Though supported by a number of theologians and, for a time, probably by Innocent XI, the Guide was soon attacked by the Jesuits for its total disregard of meditation, spiritual asceticism, vocal prayers, and, implicitly, the cults of Jesus and of the Virgin. The criticism ended with the arrest of Molinos on the order of the Holy Office, a long trial, and his condemnation in May 1687. He spent the rest of his life in prison. On November 20, 1687, the papal bull Coelestis pastor anathematized sixty-eight of his statements. The material of the condemnation was taken not only, and not mainly, from his published works, but also from about twelve thousand of his letters and from his oral teaching; in addition to the enumerated theological errors, it included the charge of sexual licentiousness—something Molinos inferred from his own doctrines and apparently frequently practiced with his penitent women.
The new devotion (the word Quietists had been used since the early 1680s by the enemies of Molinos) was based on the belief that any Christian can achieve an entirely disinterested insight into God; this insight is permanent, internally undifferentiated, and free from images and affects, and it involves a previous destruction of one's own will and consciousness; it is the work of divine grace, which, after the self has emptied itself, totally fills the void and becomes the sovereign owner of the higher part of the soul; as a result, the animal part of the soul as well as the body are no longer the responsibility of the person. This state of perfectly passive contemplation is not only the highest form of religious life, but makes other, more specific forms of worship—the cults of Jesus and of the saints, the acts of repentance and hope, confession, mortifications, prayers, and even concern about one's own salvation—either useless or even harmful insofar as they divert the soul from union with God. And although contemplation is at the beginning inspired by the love of God, it eventually abolishes love, desires, will, and all separate affects. What remains is not an affect, but God himself present in the soul. While it is God's gift, this contemplation is in fact given to everybody who makes a sufficient self-destructive effort, and it does not depend on education, sex, or status. Once acquired, it is effectively permanent. Since it involves a total separation of the soul from the body, the acts of the latter do not disturb it; in fact the devil often inflicts violence on the body of a contemplative and compels it to perform externally sinful acts, in particular, of a sexual character, but those acts cannot break the union with God, as they do not affect the soul. Sexual permissiveness is thus justified. The contemplative, being absolutely devoid of his will and transformed into God, cannot do good works on his own initiative or have any intention to help his neighbors; he can perform such works only on a direct order from God.
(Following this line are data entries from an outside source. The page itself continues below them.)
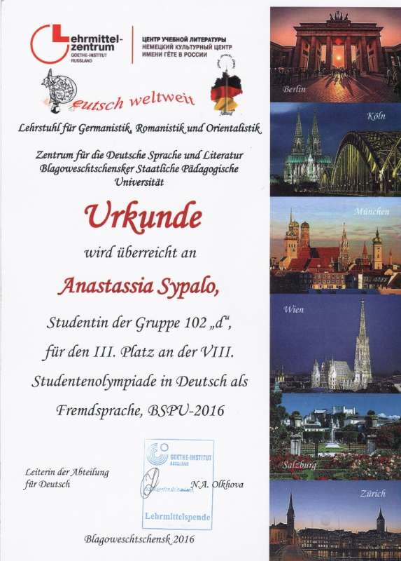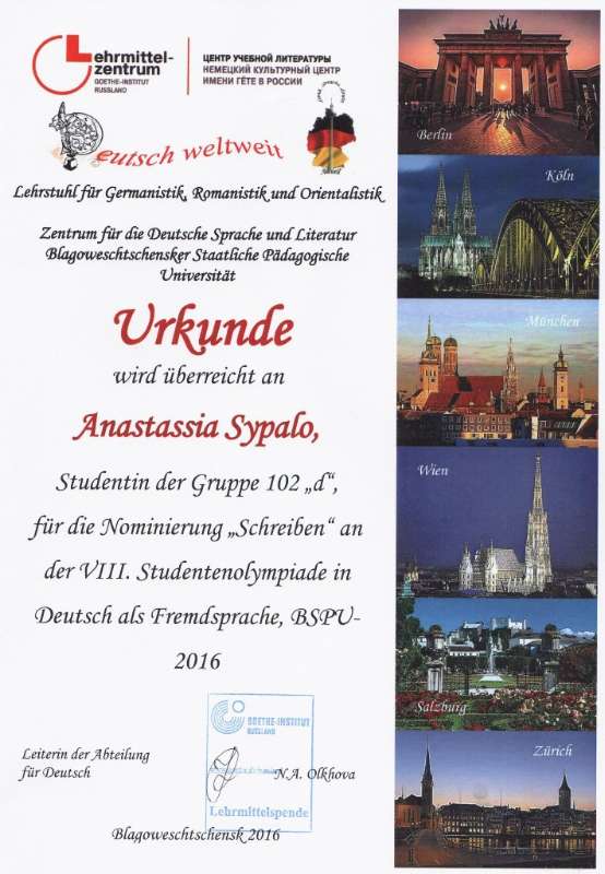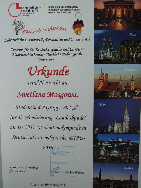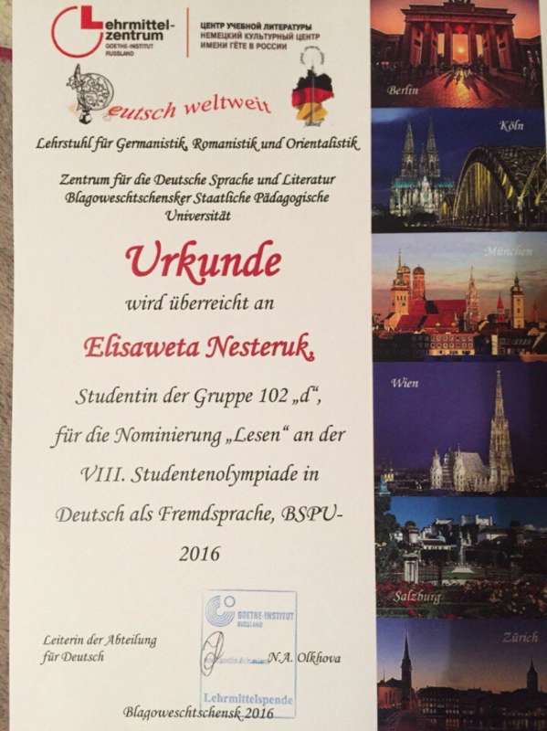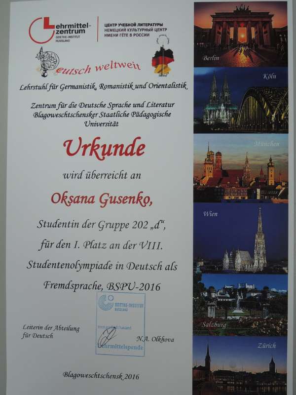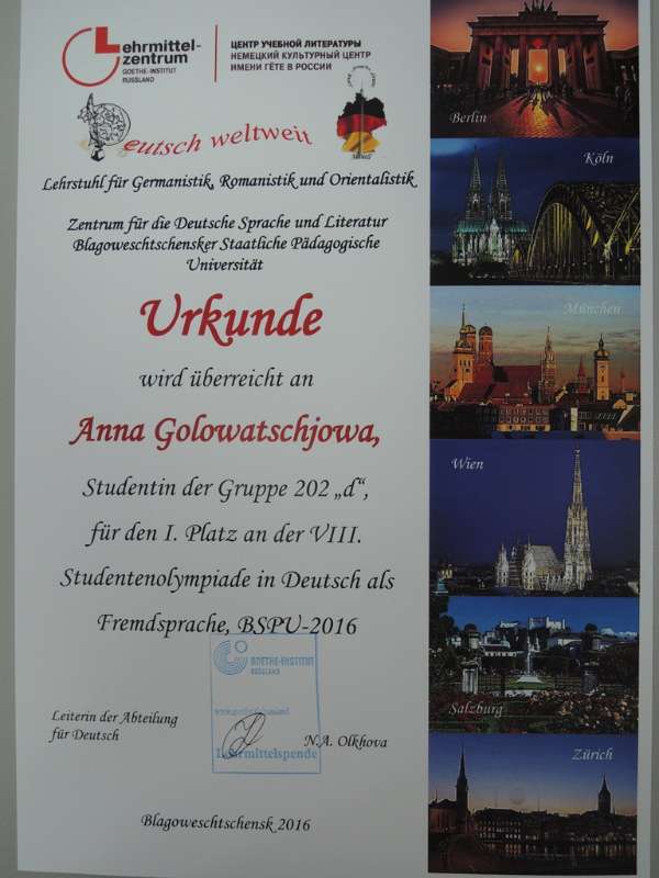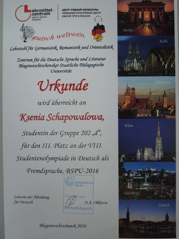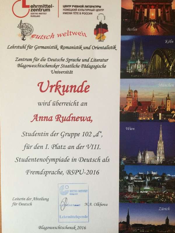 На последней учебной неделе состоялось подведение итогов VIII-ой Студенческой олимпиады по немецкому языку среди студентов 1-2 курсов. В состав жюри вошли преподаватели немецкого языка кафедры романо-германских и восточных языков.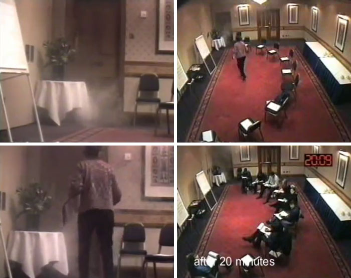 ▼室內煙霧實驗 (Smoke Filled Room Experiment):一群人分別被邀請進入房間填寫問卷,期間門縫中冒出很多煙霧。75%的人立刻通報情況,從冒出煙霧到通報,他們平均花了2分鐘時間;剩下的人無視煙霧,繼續填寫問卷,他們以為這是實驗的一部分。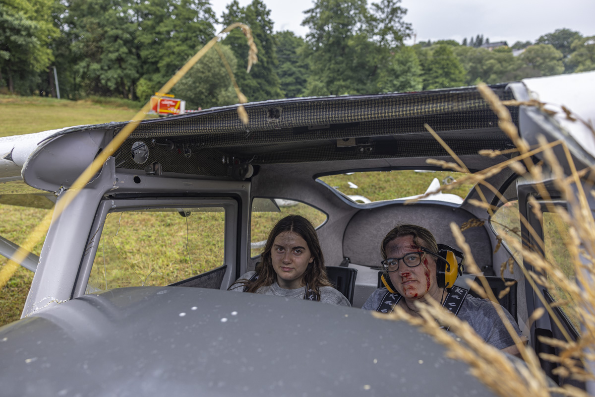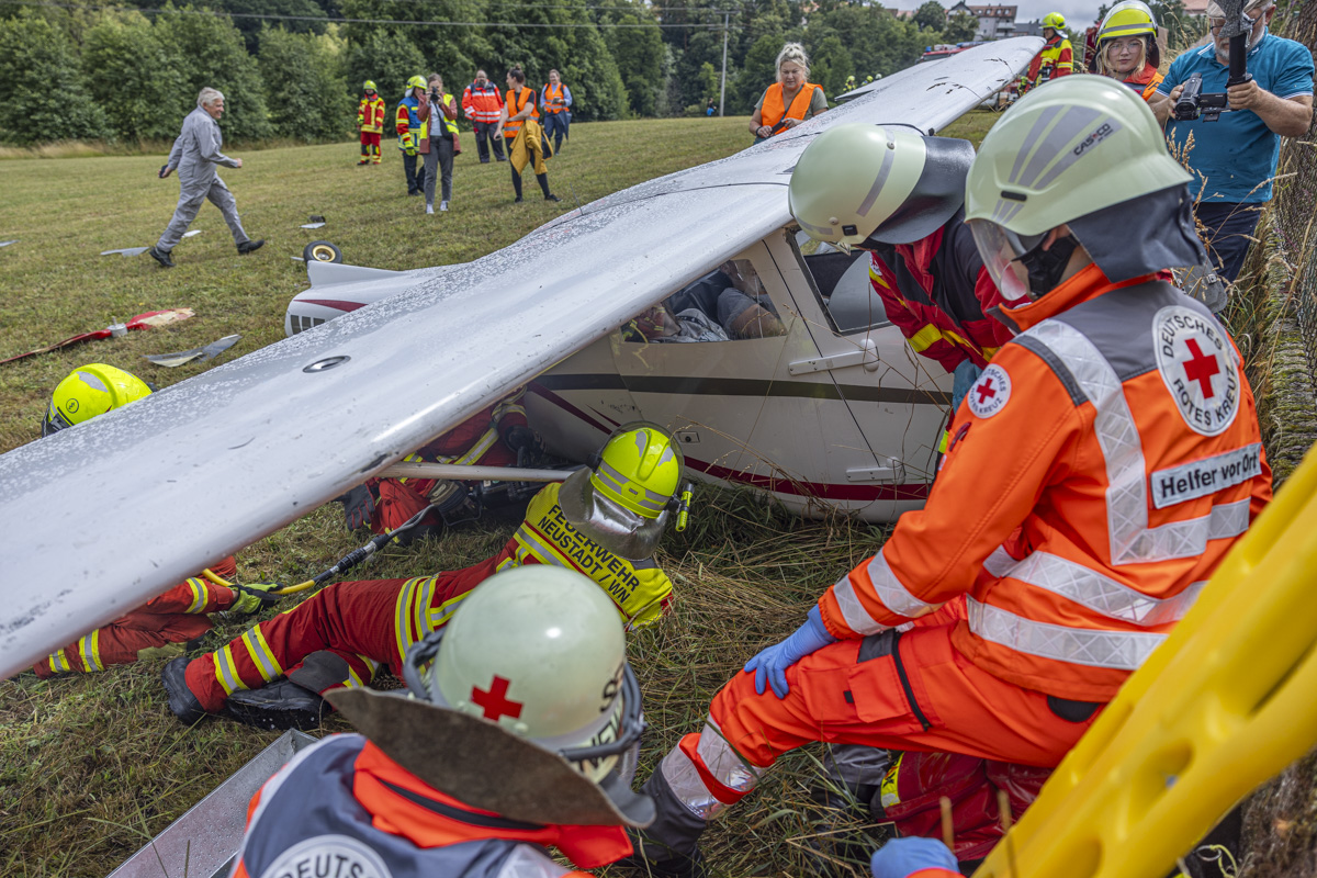 “Ich habe schon sehr viele Übungen durchgeführt und weiß daher, dass die Einsatzkräfte hier wirklich eine sehr gute Arbeit geleistet haben”, sagt Sachverständiger und Beauftragter der BFU, Hans Rachl. Die Retter hätten das Gefahrenpotential schnell erkannt, das Wrack sicher abgestützt, die Verletzten geborgen und den Sicherheitsbereich gut abgesperrt. Auch seinen angesetzten Störer hätten die Sicherungsposten vom Heck des Flugzeugs ferngehalten. Hier könnte bei einem echten Absturz der Raketenantrieb des Fallschirms herausschießen.

Molinos's doctrine was obviously unacceptable to the church not only because of its suspect moral consequences, but because it practically abrogated the entire external cult, along with discipline, intellectual effort, and the variety of virtues, merits, and religious acts. It reduced the religious life to one habitual act for which the mystic no longer needs the church and which is proclaimed to be the only genuine way of union with God. Further, although Molinos did not consider himself a rebel, but rather a reformer within the church, his devotional program, especially since it was not confined to monasteries but was also propagated among the laity, undermined the role of the church as a mediator between God and humans.
Molinos had a few less well-known predecessors, such as the Spanish mystic Jean Falconi (1596–1638), the blind theologian from Marseilles, François Malaval (1627–1719), and the bishop of Jesi, Pier Matto Petrucci (1636–1701), all of whom preached the superiority of passive and unreflective contemplation over meditations and vocal prayers, none of whom, however, extended the theory of mystical kenosis (kenosis meaning the relinquishment of the form of God by Jesus in becoming a man and suffering death) to the acceptance of "diabolic violence" or to the point of advising that we should not fight against temptations.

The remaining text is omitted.